(Recorded data begins)

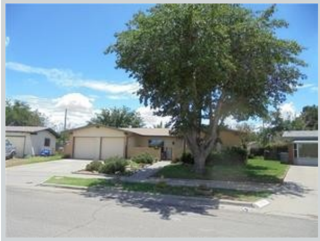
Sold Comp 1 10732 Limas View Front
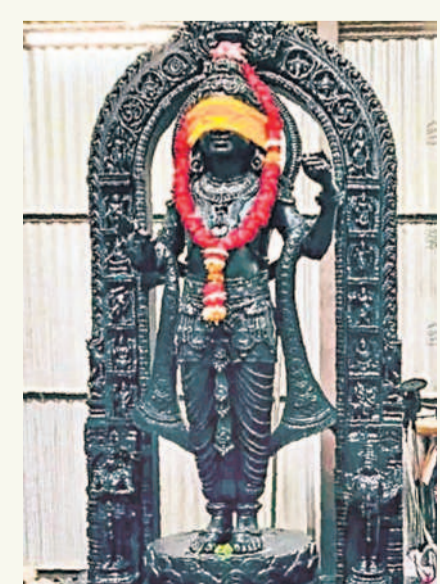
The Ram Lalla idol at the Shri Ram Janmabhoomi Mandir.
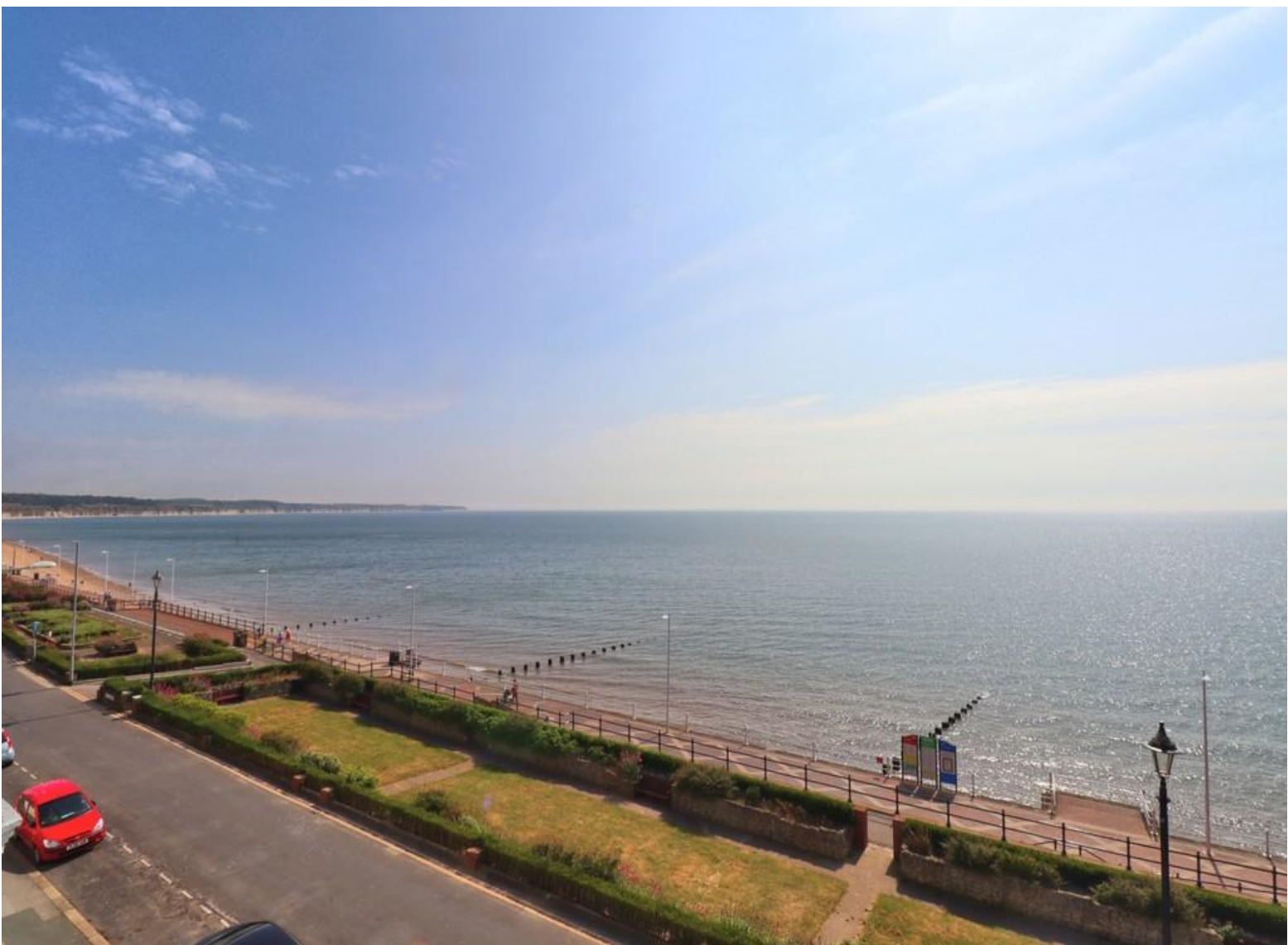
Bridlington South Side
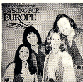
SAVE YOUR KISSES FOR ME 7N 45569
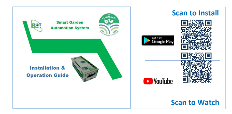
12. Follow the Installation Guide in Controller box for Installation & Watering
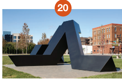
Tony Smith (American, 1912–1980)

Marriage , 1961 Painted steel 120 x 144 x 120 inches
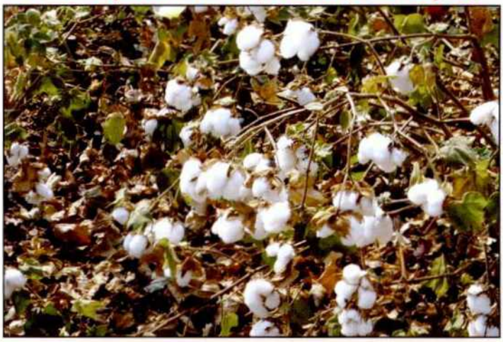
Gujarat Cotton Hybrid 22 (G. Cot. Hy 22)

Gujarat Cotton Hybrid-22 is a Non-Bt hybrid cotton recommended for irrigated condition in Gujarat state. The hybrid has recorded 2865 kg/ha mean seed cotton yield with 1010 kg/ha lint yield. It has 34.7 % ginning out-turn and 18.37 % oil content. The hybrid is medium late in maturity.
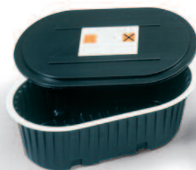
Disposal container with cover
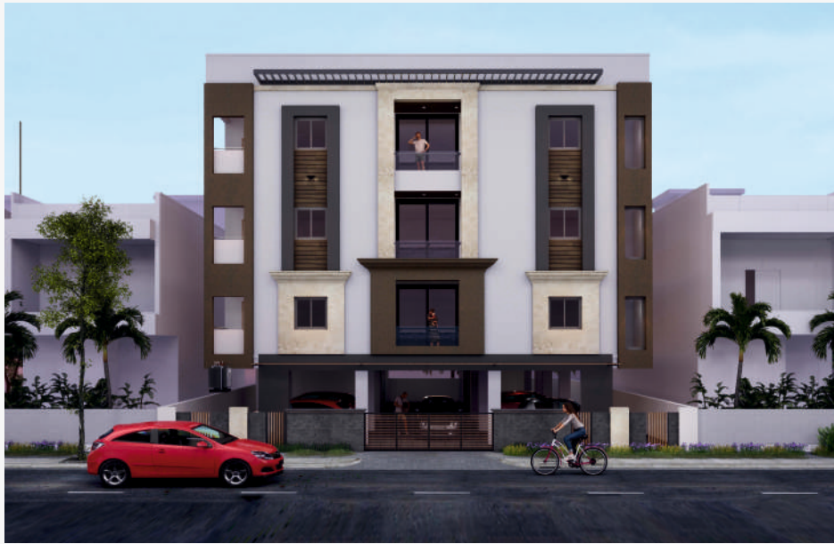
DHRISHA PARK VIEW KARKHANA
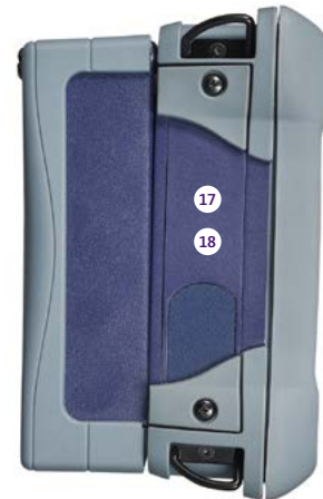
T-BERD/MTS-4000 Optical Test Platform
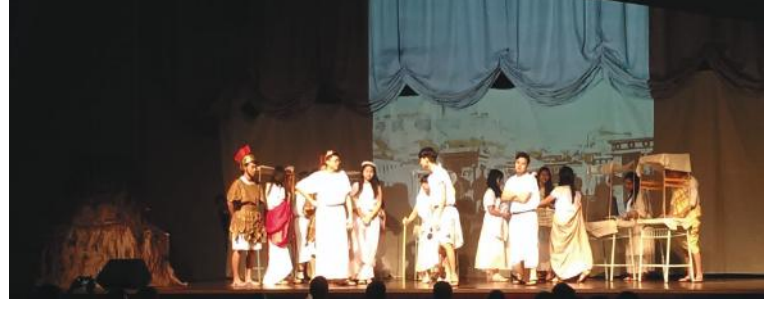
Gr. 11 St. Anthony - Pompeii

(Recorded data ends)
(Recorded data begins)

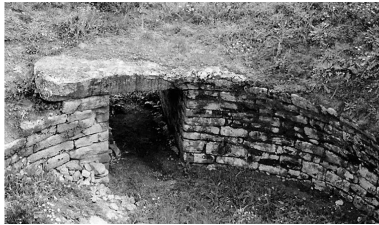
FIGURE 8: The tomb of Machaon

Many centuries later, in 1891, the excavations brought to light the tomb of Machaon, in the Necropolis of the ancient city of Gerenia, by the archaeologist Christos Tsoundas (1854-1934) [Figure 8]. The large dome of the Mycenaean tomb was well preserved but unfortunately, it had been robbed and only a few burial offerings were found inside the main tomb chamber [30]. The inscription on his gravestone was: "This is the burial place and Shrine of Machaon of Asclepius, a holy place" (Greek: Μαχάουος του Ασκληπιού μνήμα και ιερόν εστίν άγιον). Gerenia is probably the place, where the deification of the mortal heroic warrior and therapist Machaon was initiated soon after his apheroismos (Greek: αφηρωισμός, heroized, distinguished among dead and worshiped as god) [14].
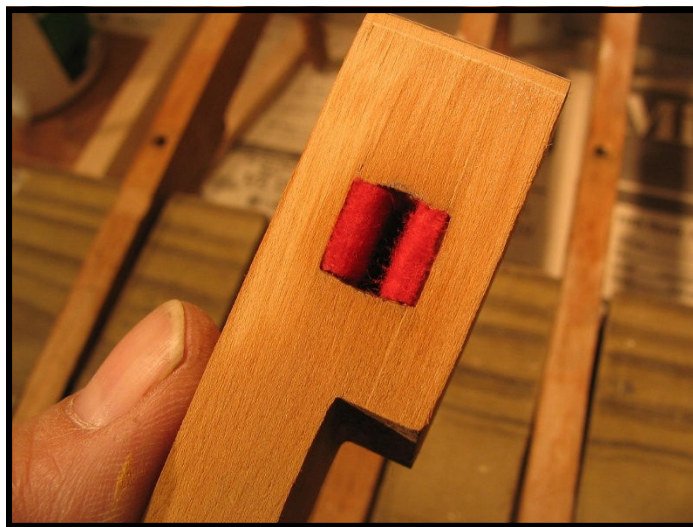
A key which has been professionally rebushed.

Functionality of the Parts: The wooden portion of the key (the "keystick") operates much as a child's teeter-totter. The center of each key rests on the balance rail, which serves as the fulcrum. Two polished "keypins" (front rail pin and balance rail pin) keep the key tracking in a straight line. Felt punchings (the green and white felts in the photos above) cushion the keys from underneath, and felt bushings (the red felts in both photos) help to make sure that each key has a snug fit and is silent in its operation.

(Recorded data ends)
(Recorded data begins)

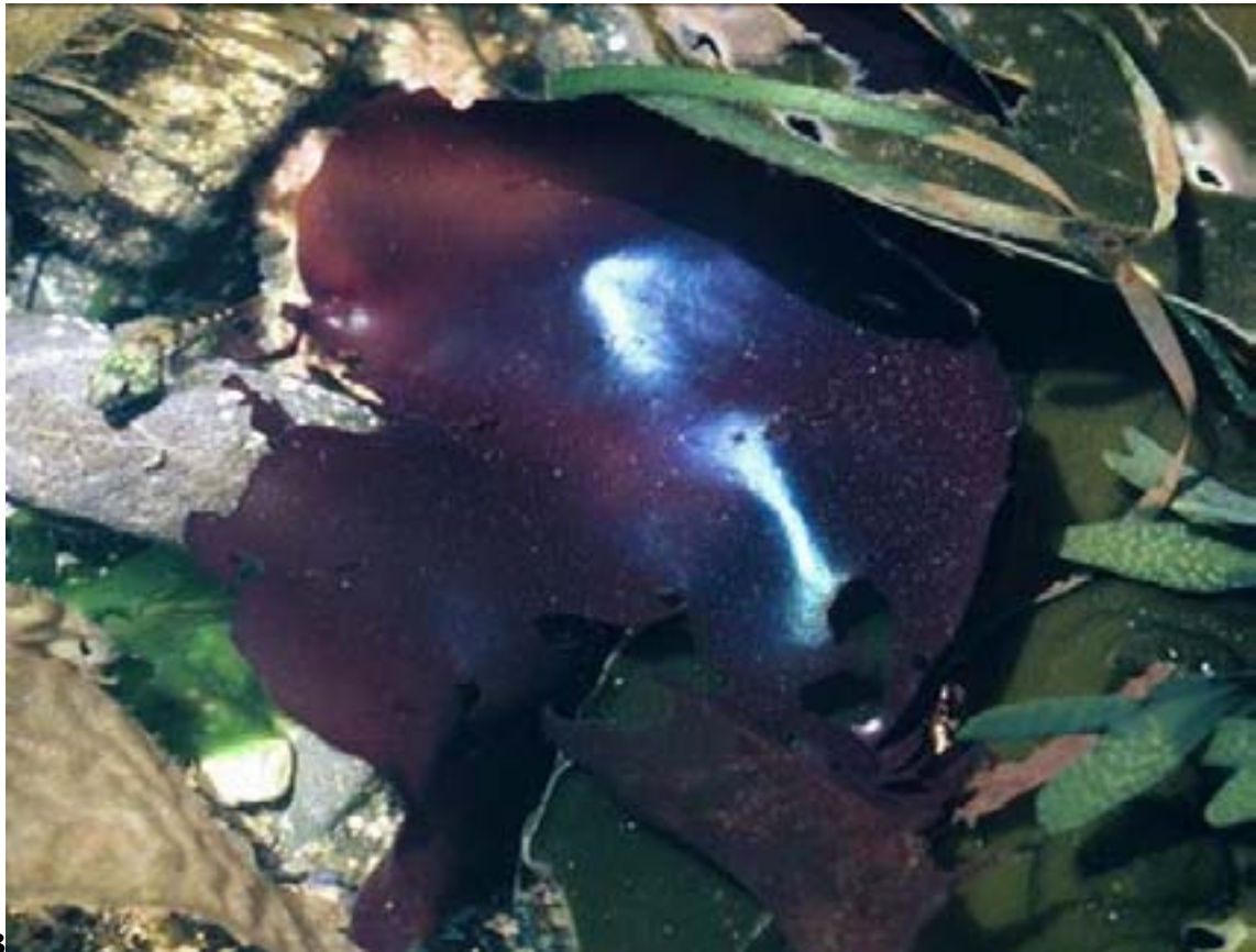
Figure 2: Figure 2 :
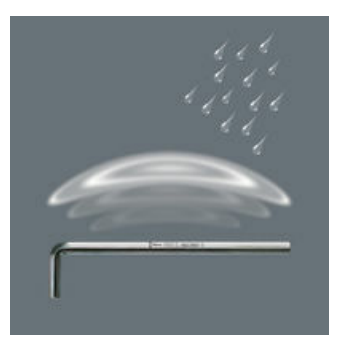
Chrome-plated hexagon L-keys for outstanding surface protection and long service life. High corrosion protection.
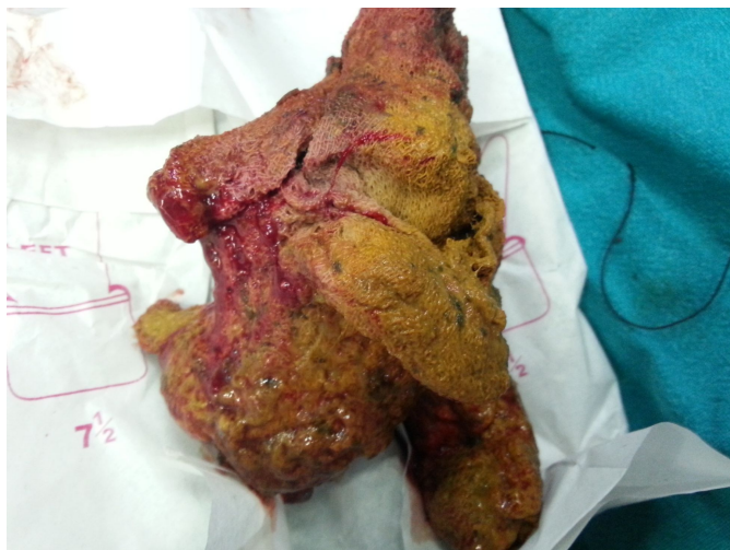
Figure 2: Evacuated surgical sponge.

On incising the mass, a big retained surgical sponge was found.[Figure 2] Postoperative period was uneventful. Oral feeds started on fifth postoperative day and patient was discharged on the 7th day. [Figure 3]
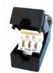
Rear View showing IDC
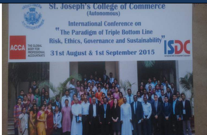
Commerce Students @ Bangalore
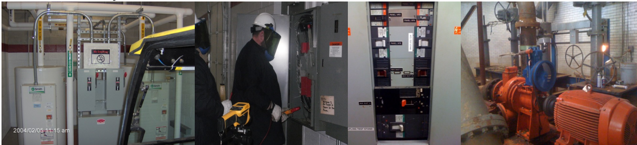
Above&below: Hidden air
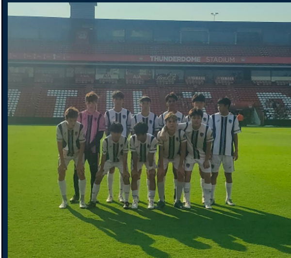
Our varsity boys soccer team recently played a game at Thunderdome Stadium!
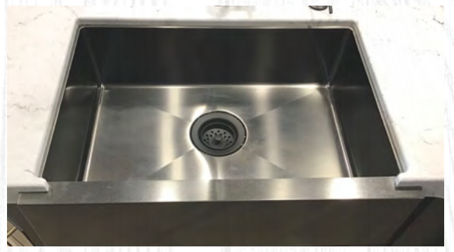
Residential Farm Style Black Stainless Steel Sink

(Recorded data ends)

▸ What this task involves
Each line of the records above that holds the word "sponge" should be counted, and only the final number stated.

▸ Solved exercise
2